Pendant la décennie 1930, les actions en faveur de la défense et de la promotion du français se poursuivent. En 1933, un groupe de jeunes étudiants, Les Jeune-Canada, manifestent pour la protection du français. En 1936, l’hebdomadaire La Nation dénonce le bilinguisme. L’année suivante, la Société du parler français organise le deuxième Congrès de la langue française au Canada (1937), au cours duquel les participants demandent la création d’un office de la langue française chargé de corriger la langue de la publicité commerciale et d’une commission responsable de réviser la langue des textes de loi. Ce deuxième congrès donne naissance au Comité permanent de la survivance française, qui se nomme depuis 1955 le Conseil de la vie française en Amérique, voué à promouvoir et à défendre la langue et la culture françaises.
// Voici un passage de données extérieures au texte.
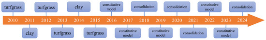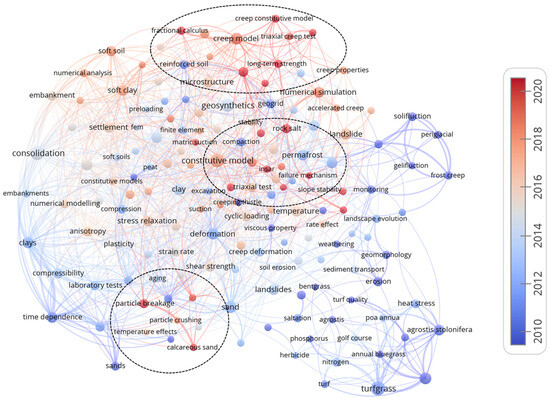 Keywords serve as highly succinct summaries of the research conducted in a paper, allowing for the precise encapsulation of the study’s content, and assisting researchers in accurately pinpointing research hotspots within specific fields. To gain a deeper understanding of the research focus and core content in this field, a co-occurrence analysis of keywords was conducted on the retrieved literature. Table 1 lists the top 20 keywords by frequency of occurrence. The summarised results indicate that soil creep primarily centres on turfgrass, consolidation, and constitutive models. Using the authors’ keywords, a co-occurrence analysis of keywords was conducted using VOSviewer, and the results are depicted in Figure 6. In the figure, blue denotes earlier occurrences, while red signifies newer ones. From the figure, it can be observed that the currently newer keywords primarily include creep model, fractional calculus, creep constitutive model, long-term strength, particle breakage, failure mechanism, and rock salt. Figure 7 illustrates the changing trends in the annual occurrence frequency of the top keywords over the last 15 years. As evident from the Figure, research before 2015 primarily focused on clay and turfgrass, while subsequent studies gradually shifted their focus towards constitutive models and consolidation. A comprehensive analysis indicates that soil creep research predominantly concentrates on establishing the deformation mechanisms and predictive models of soil creep. Through an in-depth investigation of keywords, a better understanding of the developmental trends and frontier dynamics in this field can be attained.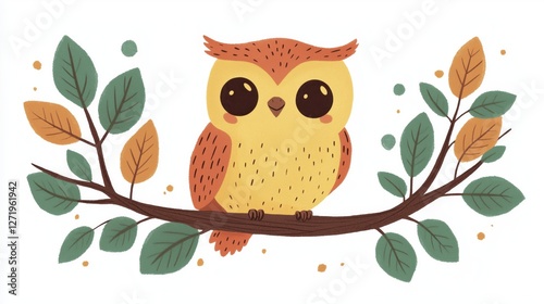 Obraz premium A charming watercolor illustration of an owl perched on a branch surrounded...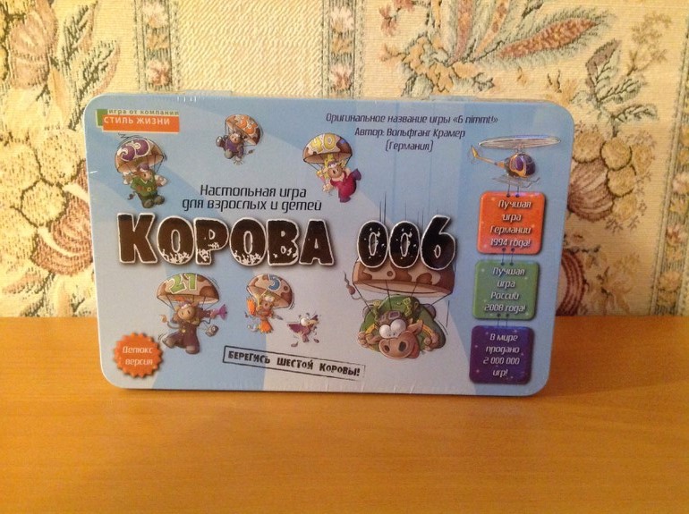 Ну что, отправимся на задание? Итак, правила игры очень просты, каждому игроку выдается по 10 карт из колоды, еще 4 карты выкладываются лицом вверх, именно с этих 4 карт и будут начинаться 4 ряда. Остальные карты колоды откладываются до следующего тура. Каждый ход все игроки выбирают по одному агенту из своего стада и одновременно выкладывают их на поле. Дальше эти карты раскладываются в ряды игрового поля по определенным правилам. Если же карта игрока оказалась шестой в ряду, то участник забирает все карты из этого ряда себе в штрафные очки, а корова 006 (шестая карта) становится первой. Чем больше штрафных очков, тем меньше вероятность выигрыша.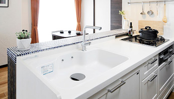 吊り戸棚をつけずにシンク上をオープンにしたタイプになります。デザイン性・機能性共に兼ね備えています。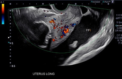 A subsequent transvaginal ultrasound showed a large volume of free fluid within the pelvis, a soft tissue nodule separated but superior to the left ovary with Doppler flow, and an enlarged uterus with a calcified fibroid (Figure 2).

Au cours de la même année, le gouvernement de l’Union nationale, dirigé par Maurice Duplessis, fait voter la Loi relative à l’interprétation de la province, qui établit la primauté du français dans l’interprétation des lois et règlements du Québec. Mais devant les fortes pressions exercées par les milieux d’affaires anglophones, Duplessis abolit la loi un an plus tard. Dans la décennie qui suit, les élites, soucieuses devant la menace qui pèse sur la qualité du français, entreprennent des campagnes de presse contre les usages fautifs (archaïsmes, barbarismes, anglicismes, etc.) de la langue et fondent des institutions culturelles comme l’Académie canadienne-française (1944) et l’Association canadienne des éducateurs de langue française (1948), qui se consacrent au développement et au rayonnement de la langue et de la culture au Québec.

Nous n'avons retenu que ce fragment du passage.